Wyszłam z pokoju i udałam się do łazienki. Wykonałam wszystkie czynności poranne i wyszłam. Po cichu na palcach weszłam do swojego pokoju, a Harry stał przed moim łóżkiem i oglądał zdjęcia. Nie zauważył mojej obecności i ustałam centralnie za nim żeby go przestraszyć. Odwrócił się tak gwałtownie, że ja i on zlękliśmy się siebie. Stykaliśmy się klatkami i Harry patrzył mi głęboko w oczy. Zbliżył swoją twarz do mojej, a jego loki gilgotały moją twarz.
- To gilgocze! - odskoczyłam od niego i zaśmiałam się.
- Trudno. - zaczął mnie gonić, na co szybko zareagowałam i pobiegłam na dół. Lesie siedziała przy stole pijąc cappuccino i rozmawiając przez telefon. Spojrzała na nas, bo robiliśmy dużo hałasu, poprzez ganianie się jak małe dzieci dookoła stołu. Wstała i palcem postukała sobie w czoło. Opuściła kuchnię, a ja patrzyłam jak odchodzi. Zachichotałam i przekręciłam obok głowę. Harrego nie było, a za chwilę poczułam jak ktoś obejmuje mnie od tyłu.
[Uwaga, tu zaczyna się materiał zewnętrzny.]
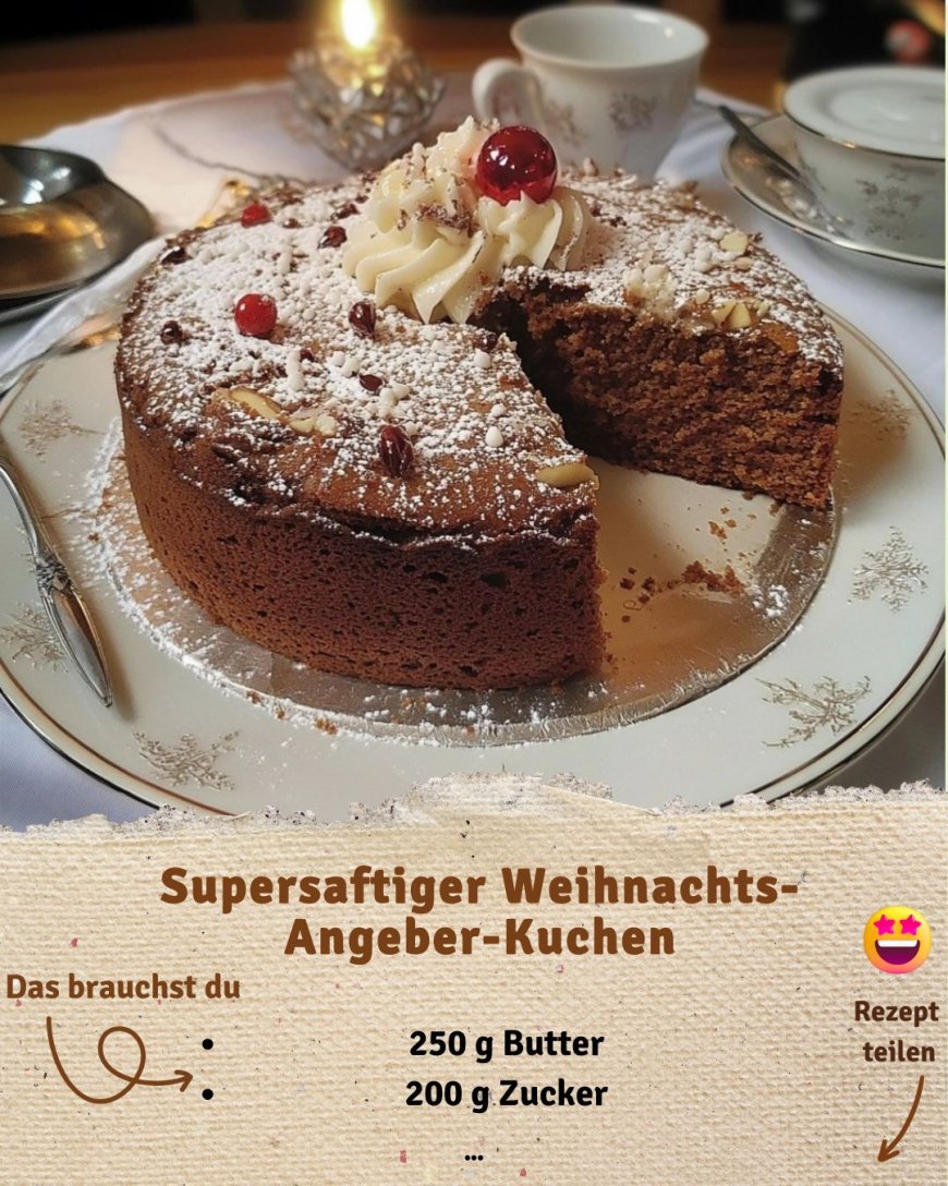 Besonders schön ist, dass er sich wunderbar vorbereiten lässt: Einmal gebacken, bleibt er mehrere Tage frisch und wird mit der Zeit sogar noch aromatischer. Wer ihn festlicher gestalten möchte, überzieht ihn nach dem Abkühlen mit einer glänzenden Schokoladenglasur oder bestäubt ihn einfach klassisch mit etwas Puderzucker.Ein Stück dieses duftenden Kuchens, eine heiße Tasse Tee oder Kaffee – und schon zieht ein Hauch von Weihnachten in die Küche.

- Mam cię. - powiedział szeptem wprost w moją szyję, a jego loki ponownie zaczęły mnie gilgotać.
- Nie na długo. - prychnęłam i rozdzieliłam jego ręce. - Śpieszę się do pracy. - Odeszłam od niego kawałek i ustałam przy blacie. - Autobus jest za 15 minut, więc szybko muszę iść.
- Po co ci autobus? Jedziesz ze mną! - zarządził i puścił mi oczko. - Ja zaczekam, a ty coś zjedz.
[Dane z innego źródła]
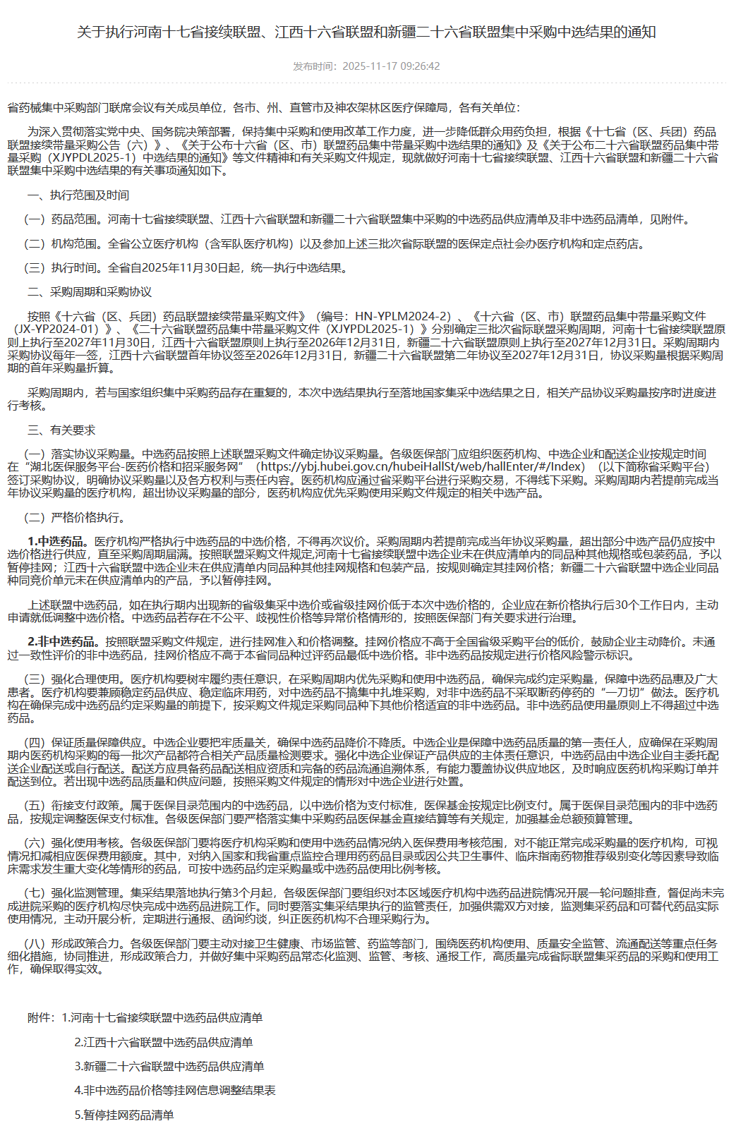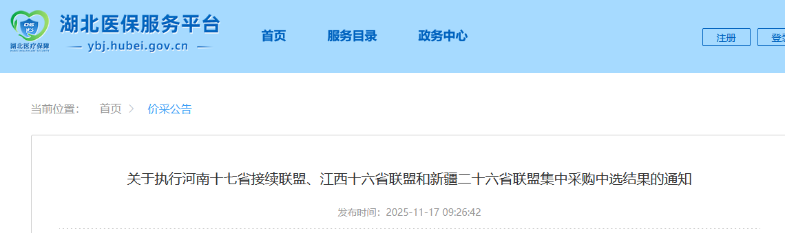 2025年11月17日,湖北省医保局正式发布通知,宣布自11月30日起同步执行河南十七省接续联盟、江西十六省联盟和新疆二十六省联盟的药品集采中选结果。

- Nie będę jeść. Nie jestem głodna. - Harry tylko pokiwał głową. Już myślałam, że zacznie rządzić się i rozkazywać, że mam zjeść. Oczywiście popsułoby mi to cały humor.
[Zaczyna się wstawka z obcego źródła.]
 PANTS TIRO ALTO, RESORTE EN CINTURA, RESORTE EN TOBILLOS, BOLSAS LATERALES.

- No to zbieraj się. - westchnął i ruszył w stronę drzwi. Poszłam szybko na górę, chwytając torebkę i telefon. Zbiegłam na dół, po drodze informując Less, że wychodzę.
- Już? - zapytał i złapał za klamkę.
- No. - odpowiedziałam i zarzuciłam na siebie kurtkę. Nie wiedziałam co mnie podkusiło żeby zgadzać się na jazdę z nim. Przecież ja go w ogóle nie znałam i nie ufałam mu. Co będzie to będzie.
Otworzył mi drzwi i zaczekał aż wsiądę. Serce coraz bardziej zaczęło bić mi, gdy ruszył z piskiem opon. Może miał zamiar mnie gdzieś wywieźć? Coraz bardziej bałam się.
- Lizzy. - z zamyśleń wyrwał mnie głos Harrego.
- Co? - potrząsnęłam głową żeby odepchnąć od siebie złe myśli.
- Co robisz dziś wieczorem? - obdarzył mnie przelotnym spojrzeniem i wrócił wzrokiem na ulicę. Nie jechał zbyt szybko za co byłam mu wdzięczna. To jeszcze bardziej sprawiłoby u mnie strach.
- Nie wiem. Może wyjdę z Justinem gdzieś na miasto. Pomoże mi wybrać jakieś ubrania na wyjazd. - zastanawiałam się jak zareaguje na takie coś.
- Kim ten Justin jest dla ciebie? - jego twarz pochmurniała, a jego źrenice zwężyły się. Zacisnął bardziej swoje dłonie na kierownicy, przez co przeszedł mnie lekki drzesz.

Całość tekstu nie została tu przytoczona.